The escalating trade war between the United States and China should come as a stark reminder for the 10 Asean-member countries that continuing to impose non-tariff barriers (NTBs) would only rob them of the opportunities to exploit fully the advantages of a single regional market.

As leaders converge for their annual summit in Singapore next month, they need to put on the table an agenda to discuss reducing or cutting surcharges imposed on a whopping 2,683 tariff lines, to show commitment they are serious in opening up their respective markets.

No doubt a liberalised regional market with a consumer base in excess of 630 million should take into account the differing levels of economic development among economies, which means equitable liberalisation.

That has been the underlying principle dictating Asean's free trade area, but that does not mean member economies should use that premise as an excuse to close their markets for some products indefinitely.

Both American and Chinese firms are already feeling the impact of the fallout from the trade war, which means it is only a matter of time before Asean, where most of its companies export substantially to these markets, are adversely affected.

If at all, there is a an urgent need for Asean members to adhere honestly to the principle of "prosper-thy-neighbour", the time is now.

What US President Donald Trump has embarked upon has inevitably led to a chain reaction in China and possibly among its other trading partners in protecting their markets further, with dire consequences in the long run, particularly for export-oriented countries like Malaysia.

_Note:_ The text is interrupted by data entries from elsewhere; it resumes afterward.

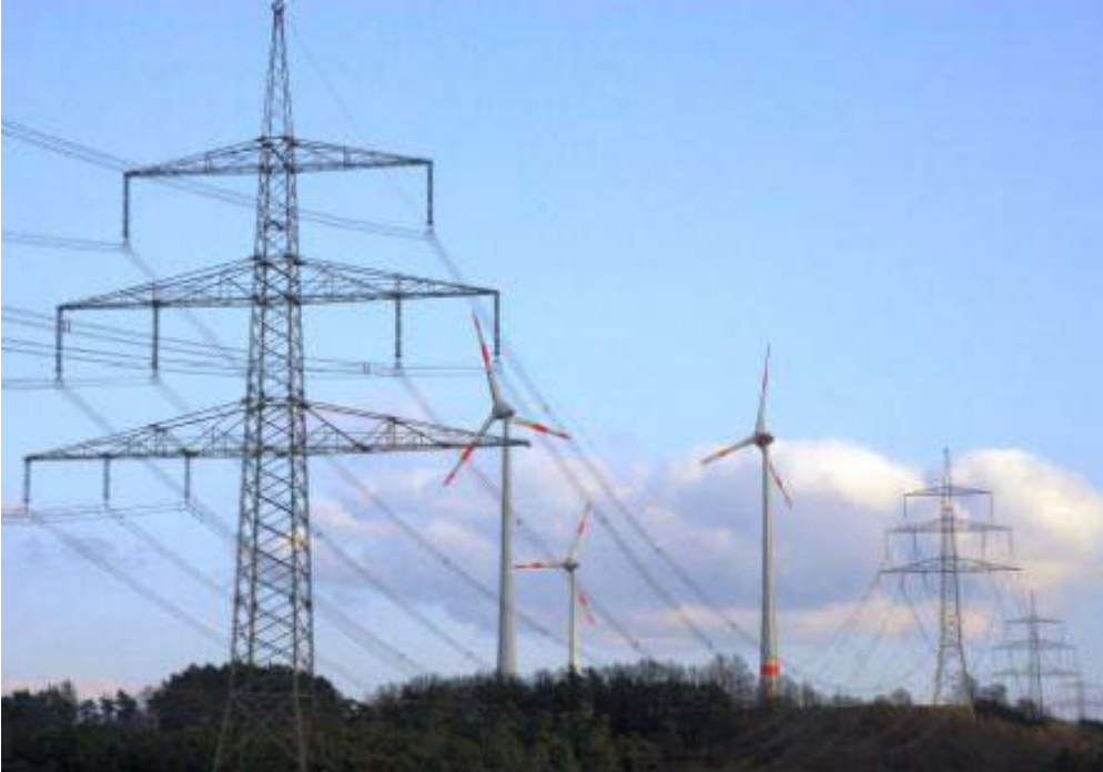
Bild 9. Mit neuer Technik sollen 380 KV-Leitungen doppelt so viel Strom transportieren und sich dabei auf bis zu 210 °C erhitzen. Das wären dann elektrische Heizdrähte quer durch Deutschland. Und was ist mit den Vögeln, die sich auf die heißen Drähte setzen?

und der Bau würde viele Jahre dauern. Aber man könnte die vorhandenen Fernleitungen so umbauen, dass sie doppelt so viel Strom leiten können. Das geht mit den derzeitigen Leiterseilen („Stromdrähten“) deshalb nicht, weil sie sich erwärmen und ausdehnen. Sie hängen durch und zwar umso tiefer, je mehr Strom durch geleitet wird und spätestens bei 80 °C ist Schluss.
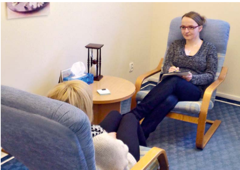
LECZENIE ALKOHOLOWOŚCI WYMAGA POMOCY SPECJALISTÓW

Efektywność leczenia choroby alkoholowej jest wprost proporcjonalna do poziomu motywowania i zaangażowania pacjenta, a odwrotnie proporcjonalna do presji i konfrontacji. Oznacza to, że największą rolę w procesie zdrowienia odgrywa zbudowanie indywidualnej, wewnętrznej motywacji do leczenia. Samo leczenie jest procesem długofalowym, wymaga systematycznej współpracy z placówkami lecznictwa odwykowego, czy grupami samopomocowymi Anonimowych Alkoholików i AL.- Anon. ■
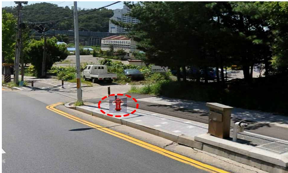
현 황 사진
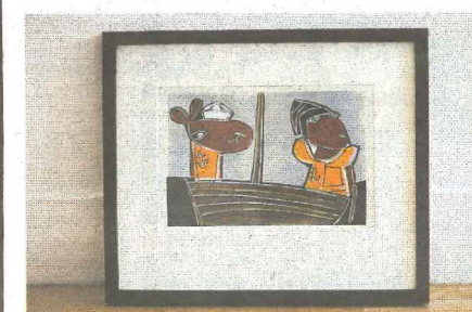
GRAFIK. Grafiken Skepp ohoj handlar om att vara på väg någonstans - på sjön eller i livet.
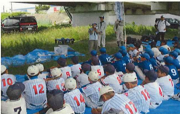
猪名川河川レンジャーが外来植物について説明
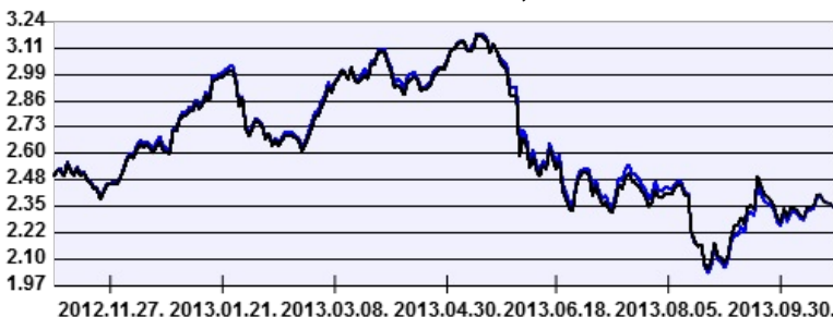
— AEGON IstanBull Részvény Befektetési Alap intézményi sorozat — Benchmark

A múltbeli hozamok nem jelentenek garanciát az alap jövőbeli teljesítményére nézve. Jelen hirdetés nem minősül ajánlattételnek vagy befektetési tanácsadásnak. A befektetés részletes feltételeit az Alap Tájékoztatója tartalmazza, mely a mindenkor érvényes kondíciós listákkal együtt megtalálható a forgalmazási helyeken. A befektetési alap forgalmazásával (vétel, tartás, eladás) kapcsolatos költségek az alap kezelési szabályzatában és a forgalmazási helyeken megismerhetők.

As Prime Minister Dr Mahathir Mohamad called for Asean to close ranks when he met his fellow leaders in Bali, NTBs, protectionism and trade wars restrain businesses from flourishing.

Room for improvement

No doubt, Asean has made remarkable headway in opening up trade and with regional leaders having constantly pledged and assured efforts will continue to reduce NTBs, there seems to be a lot of room for improvement.

Besides the customs surcharges affecting 2,683 tariff lines, there are technical measures and product characteristic requirements which affect 975 tariff lines.

And when new risks such as the escalating trade war and financial instability erupt, Asean- member countries seem to retreat into their own cocoon.

Leaders need to go beyond their usual rhetoric and take unified decisions to implement market liberalising measures before it is too late.

There is no denying that widespread trade tensions between major economies will inevitably affect smaller Asean economies which in turn could spill over and affect the global trading system.

There won't be any winners at all from a trade war.

Hence, Asean should work together to ensure that trade policies can be effective in strengthening the multilateral trading system, so that it can fully tap on its growing market that will touch 700 million soon.

A sturdier economy and expanded market could be the regional grouping's strongest antidote against external factors and a clear path towards fulfilling the aspirations of creating in the actual sense of the word an Asean Economic Community (AEC) by 2025.

The AEC is meant to facilitate free flow of goods, services and investment, as well as freer flow of labour and capital.

The Asean Summit next month in Singapore offers leaders every chance to make a mark in the regional grouping's history in taking a strong stance on issues that is slowing down its economic progress.